The U.S. men's basketball team took it a step farther on Tuesday. After turning a close game into a predictable 47-point thrashing, Kobe Bryant and company kicked butt and signed their names.
Team USA signing autographs for opponents at international competitions is not a new sight. The original "Dream Team" left their John Hancocks on just about everything in Barcelona, with Michael Jordan occasionally even lowering himself to sign non-Nike materials. The practice was amusing in 1992, when the entire concept of professional basketball players cleaning up in the Olympics was new. The experience was as cool for the Dream Team's opponents — also known as "victims" — as it was for fans.
Things are different in 2012. The U.S. faces a realistic chance of losing in the medal round, although one can safely bet the mortgage on nothing less than silver. If Spain, which sandbagged through an exhibition loss to LeBron James and the gang, tightens up its substitution patterns and actually uses all the parts at its disposal (read: Marc Gasol), the U.S. could face a stiff test for gold.
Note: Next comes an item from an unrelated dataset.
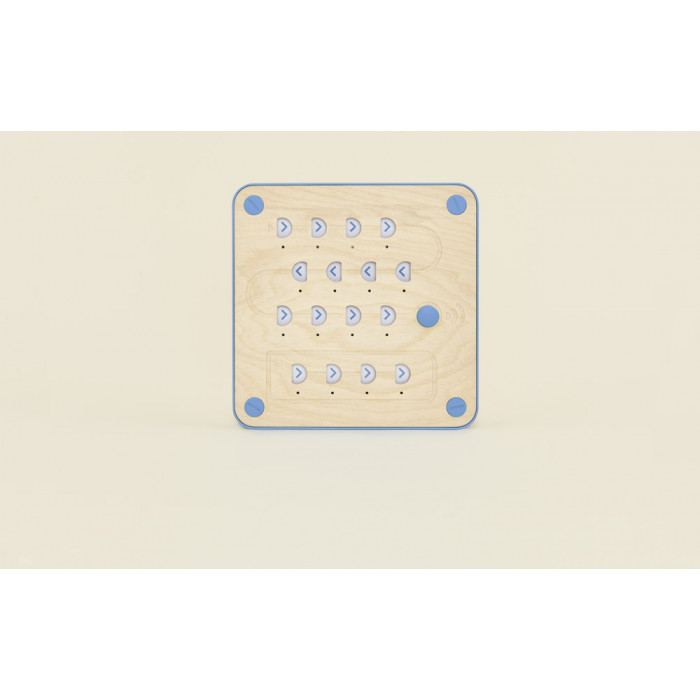 Интерфейсная доска для управления роботом Cubetto: расположите блоки на доске, чтобы сказать Cubetto, куда ему нужно идти. Нажмите синюю кнопку, и Cubetto выполнит вашу первую программу.

As a result, it has become less common to see a scene like Tuesday's, where the postgame handshake looks a lot like those autograph sessions designed to draw customers to the new sports card store at that crappy neighborhood mall nobody goes to anymore. When a team actually believes it can win, or at least thinks it can make the game interesting, a double-digit beatdown is no longer enjoyable.
But Tunisia had no shot, and everyone knew it. The Tunisians received deserved praise for keeping the game as close as they did for as long as they did. This was a 46-33 game at halftime and there was never any real danger of the U.S. covering the 55-point spread. A loss is a loss, except when a loss is a moral victory.
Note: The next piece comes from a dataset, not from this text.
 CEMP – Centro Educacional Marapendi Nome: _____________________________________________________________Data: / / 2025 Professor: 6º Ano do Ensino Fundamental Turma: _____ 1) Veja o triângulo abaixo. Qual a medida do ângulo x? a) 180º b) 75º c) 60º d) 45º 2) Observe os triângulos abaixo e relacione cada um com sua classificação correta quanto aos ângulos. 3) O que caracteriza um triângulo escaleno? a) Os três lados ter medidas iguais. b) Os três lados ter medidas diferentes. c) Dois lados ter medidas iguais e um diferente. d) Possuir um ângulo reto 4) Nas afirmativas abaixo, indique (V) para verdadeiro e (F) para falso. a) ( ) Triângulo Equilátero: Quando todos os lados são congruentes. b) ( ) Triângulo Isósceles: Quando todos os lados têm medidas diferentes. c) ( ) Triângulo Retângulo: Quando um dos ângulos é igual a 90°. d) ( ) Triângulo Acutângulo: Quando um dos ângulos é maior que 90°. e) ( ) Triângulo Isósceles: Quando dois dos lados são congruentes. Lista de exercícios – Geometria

The postgame autograph session could have generated either amusement or disgust for observers. On one hand, a jingoist might find it cute that those hopeless Tunisians just want a souvenir from that time they got whooped by the awesome Americans. On the other hand, a competitive purist might consider it a mockery of the game to collect a remembrance of that time they got schooled.
Yet as every Olympic athlete who does not win a medal loves to remind us, the spirit of the Games lies in the honor of representing one's country. For the Tunisian men's basketball team, the only squad in the tournament without a current or former NBA player on its roster, that mission was accomplished. Right below "represent my country" on the to-do list of any Tunisian basketball player should have been, "watch greatness up close and enjoy the heck out of it."
The "Dream Team" idea might be old to a lot of us who remember the previous iterations. NBA commissioner David Stern, who owes a lot to the 1992 team in building the international interest in the game that exists today, apparently is bored of it himself. For many of the players participating in this year's games, though, the notion is as fresh as it was when Larry Bird, Magic Johnson and Clyde Drexler took the floor together in 1992. Youssef Gaddour, the youngest member of the Tunisian roster, was two years old then. Telling him this year's U.S. team is no big deal because the 1992 team was better is like telling me that Cal Ripken Jr. becoming baseball's new iron man was no big deal because Lou Gehrig played his consecutive games streak while compiling an average of 379 total bases per season. Maybe the one I witnessed was not as great as the first one, but it was still pretty cool.
If Gaddour wants Bryant's autograph, I say, "Ask away, Youssef." Not everybody gets the chance to get his clock cleaned by a bunch of all-time greats.